Electric field of a dipole

Question

I'm trying to find the electric field due to an electric dipole $\mathbf{d}$. There are plenty of approaches to doing this online, but I want to do it "my way," which doesn't seem to be working (and I have yet to find this approach in textbooks/online). I start with the potential:

$$ \phi(\mathbf{r}) = \frac{\mathbf{d}\cdot \mathbf{r}}{4\pi\epsilon_0 r^3} = \frac{d\cos\theta}{4\pi\epsilon_0 r^2} $$

And then take the negative gradient to find:

$$ \mathbf{E} = -\nabla \phi = \frac{2d\cos\theta}{4\pi \epsilon_0 r^3} \hat{r} + \frac{d\sin\theta}{4\pi\epsilon_0 r^3}\hat{\theta} $$

But I don't see how to manipulate this into the form that I expect:

$$ \mathbf{E} = \frac{1}{4\pi\epsilon_0}\left[ \frac{3(\mathbf{d}\cdot\hat{r})\hat{r}-\mathbf{d}}{r^3} \right] - \frac{1}{3\epsilon_0}\mathbf{d} \delta^3(\mathbf{r}) $$

Since I haven't done anything mathematically illegal, I don't see why my approach shouldn't get me to the correct answer - but I can't figure out what to do (and I've also been unable to find this derivation online).

Answer 1

$\def\vE{{\mathbf E}}\def\vd{{\mathbf d}}\def\vr{{\mathbf r}}\def\hr{{\hat r}}\def\hd{{\hat d}}\def\eps{\varepsilon}\def\l{\left}\def\r{\right}\def\htheta{{\hat\theta}}$ EDIT: The expected formula is corrected now in the question. So the following canceled comment is out-of-date. The formula you expect is false (see e.g., this answer or this wikipedia-page). Replace $\vd\cdot\vr$ with $\vd\cdot\hr$ to correct it. The right formula for $\vr\neq\mathbf0$ is: $$ \vE = \frac1{4\pi\eps_0}\l[\frac{3(\vd\cdot\hr)\hr-\vd}{r^3}\r]. $$ There $\hr(\hr\cdot\vd)$ is the orthogonal projection of $\vd$ onto the $r$-axis. Furthermore, $\vd-\hr(\hr\cdot\vd)$ is the orthogonal projection of $\vd$ onto the $\hr$-plane (for which $\hr$ is the normal vector). Note, that you can write this projection also as $-\hr\times(\hr\times\vd)$ if this is more familiar to you.

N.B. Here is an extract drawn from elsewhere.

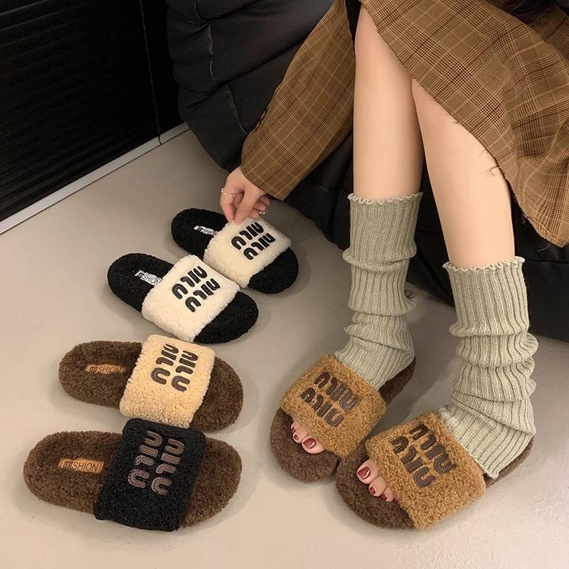 Lamb wool slippers women's outer wear thick bottom 2025 new popular autumn and winter non-slip advanced sense one-word cotton mop

You get the $\vE$-field in the form \begin{align} \vE &= \frac1{4\pi\eps_0}\l[\frac{2(\vd\cdot\hr)\hr+\hr(\hr\cdot\vd)-\vd}{r^3}\r]\tag{proj}\label{proj} \end{align} We have trivially $(\vd\cdot\hr)=d\cos(\theta)$ where $\theta$ is the angle between $\vd$ and $\hr$ (sign does not matter here).

The component of the orthogonal projection of $\vd$ onto the $\hr$-plane has length $|d\sin(\theta)|$. We assume here that $\hr$ and $\hd$ are not collinear. We define the direction vector $\htheta$ as $\htheta:=\frac{\hr\times(\hr\times\vd)}{|\hr\times(\hr\times\vd)|}$ such that $\theta>0$ and get \begin{align} \vE &= \frac{d}{4\pi\eps_0}\l[ \frac{2\cos(\theta)\hr+\sin(\theta)\htheta}{r^3} \r].\tag{final}\label{final} \end{align} The above question does not explicitly state the rule of measurement for $\theta$. So I fixed it with the above definition of the unit vector $\htheta$. If $\hr$ and $\vd$ are not collinear there is only the choice between $\htheta:=\frac{\hr\times(\hr\times\vd)}{|\hr\times(\hr\times\vd)|}$ and $\htheta:=-\frac{\hr\times(\hr\times\vd)}{|\hr\times(\hr\times\vd)|}$. This just follows from the term $\hr(\hr\cdot\vd)-\vd=\vr\times(\vr\times\vd)$ in \eqref{proj}. The choice $\htheta:=-\frac{\hr\times(\hr\times\vd)}{|\hr\times(\hr\times\vd)|}$ would imply $\theta<0$. The orientation change of $\htheta$ compensates the sign change of $\theta$ in equation \eqref{final}.

Answer 2

The expression of the potential you started with has already assumed the dipole moment was in z direction. However the "correct" result you want to compare with is general for d in any direction. If you take d in z direction, it's the same as your result except the \delta function part, which represents the singular behavior at the exact position of the dipole. Apply Gauss's theorem to the electric field in a volume containing the dipole. Zero net charge will give us an equation to determine the coefficient of delta function.